Given information —
-*-*-
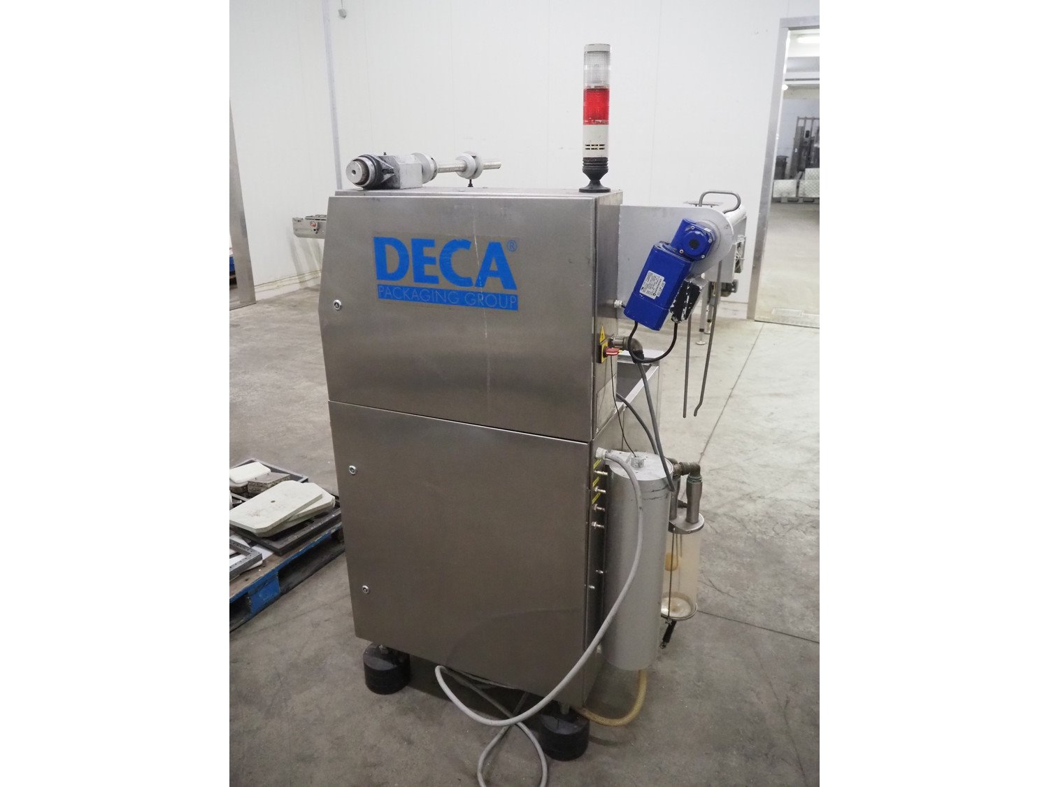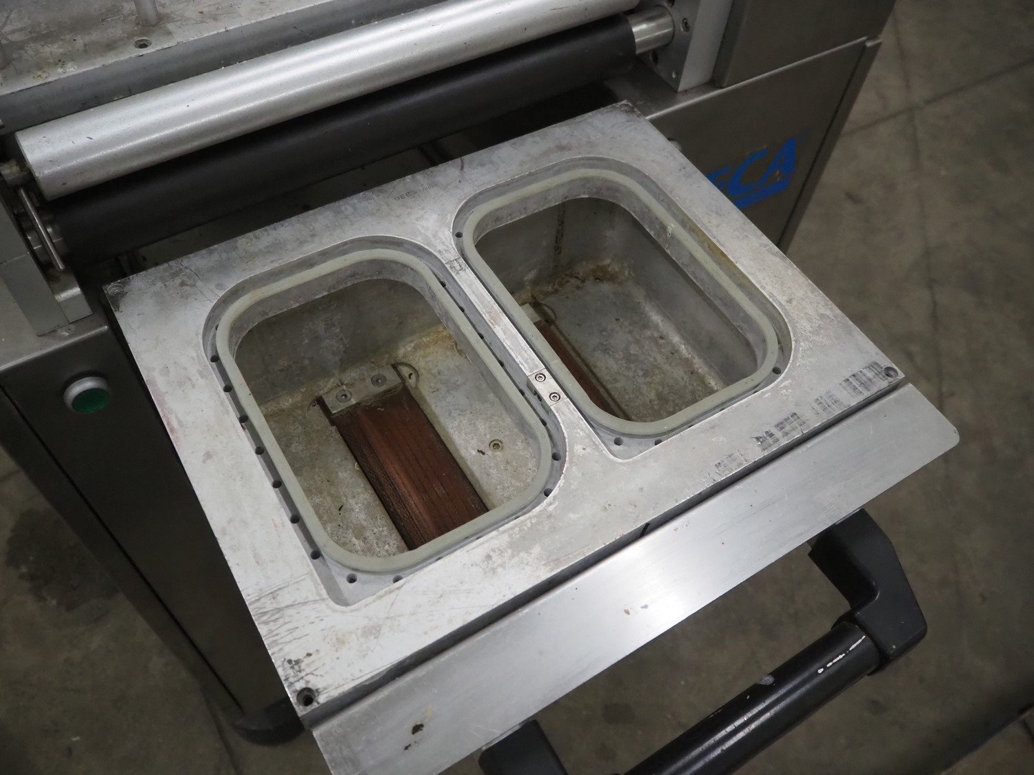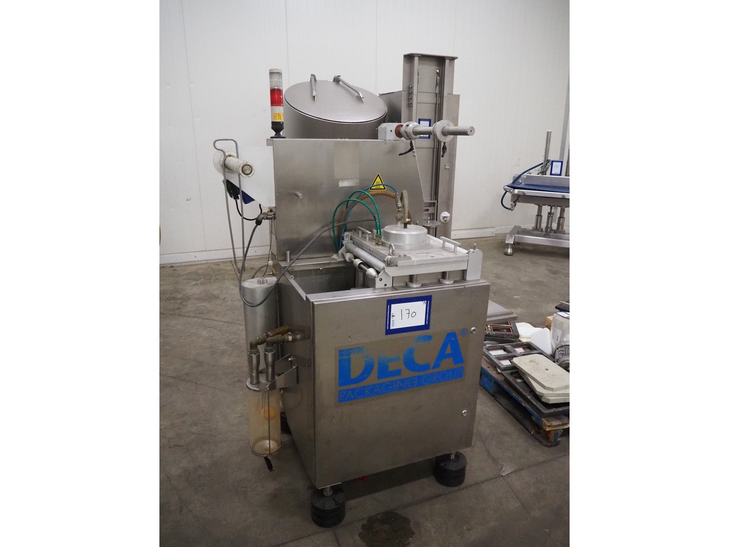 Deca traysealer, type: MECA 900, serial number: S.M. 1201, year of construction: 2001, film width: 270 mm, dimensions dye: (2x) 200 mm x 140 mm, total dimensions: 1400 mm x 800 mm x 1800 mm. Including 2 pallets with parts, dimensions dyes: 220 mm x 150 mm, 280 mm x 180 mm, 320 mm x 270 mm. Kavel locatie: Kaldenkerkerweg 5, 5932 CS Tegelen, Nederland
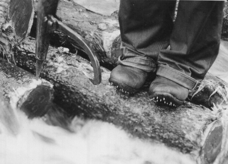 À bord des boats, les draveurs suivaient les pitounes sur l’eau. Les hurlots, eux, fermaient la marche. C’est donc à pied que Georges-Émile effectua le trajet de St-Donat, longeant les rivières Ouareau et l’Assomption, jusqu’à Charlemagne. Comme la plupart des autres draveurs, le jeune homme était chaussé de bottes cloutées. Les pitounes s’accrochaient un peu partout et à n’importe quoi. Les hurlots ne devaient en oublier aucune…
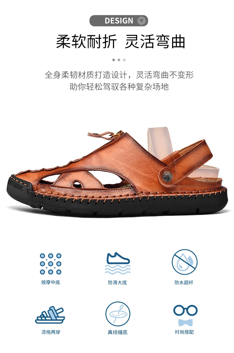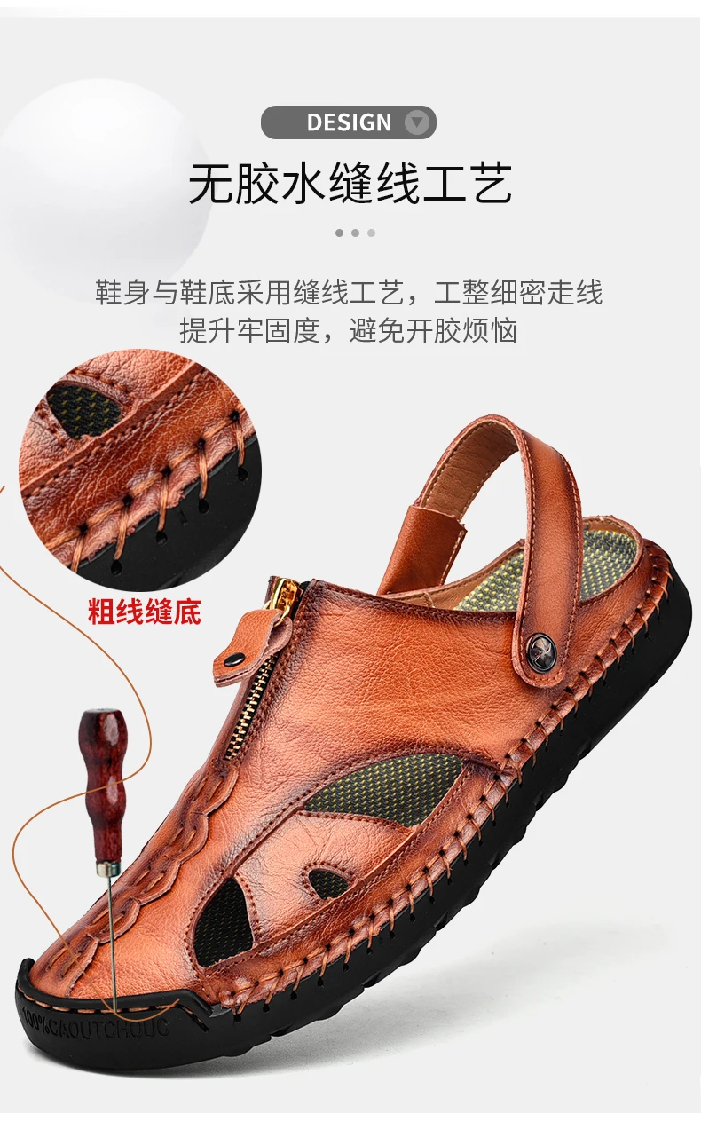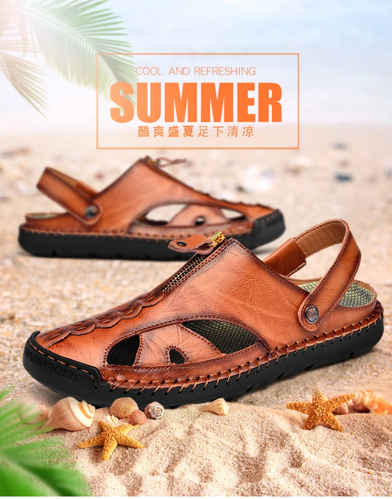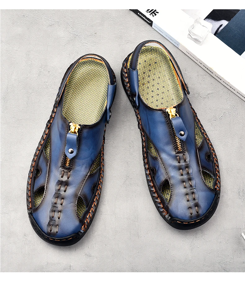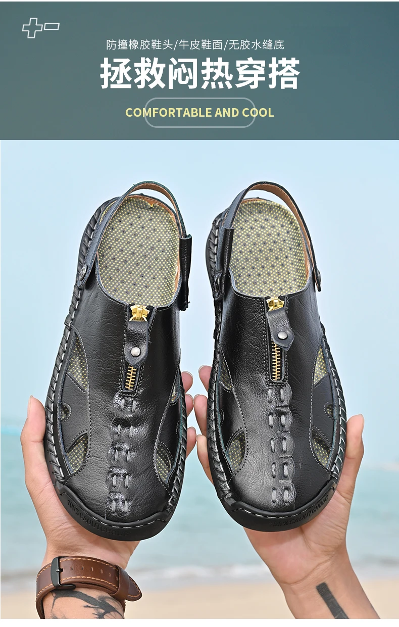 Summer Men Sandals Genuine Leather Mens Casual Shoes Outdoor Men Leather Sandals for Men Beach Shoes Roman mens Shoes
-*-*-
Exercise prompt — Starting with the line that holds "À bord des boats, les", copy every line exactly through the final line of the material, but skip the pictures.

Task solution —
 À bord des boats, les draveurs suivaient les pitounes sur l’eau. Les hurlots, eux, fermaient la marche. C’est donc à pied que Georges-Émile effectua le trajet de St-Donat, longeant les rivières Ouareau et l’Assomption, jusqu’à Charlemagne. Comme la plupart des autres draveurs, le jeune homme était chaussé de bottes cloutées. Les pitounes s’accrochaient un peu partout et à n’importe quoi. Les hurlots ne devaient en oublier aucune…
 Summer Men Sandals Genuine Leather Mens Casual Shoes Outdoor Men Leather Sandals for Men Beach Shoes Roman mens Shoes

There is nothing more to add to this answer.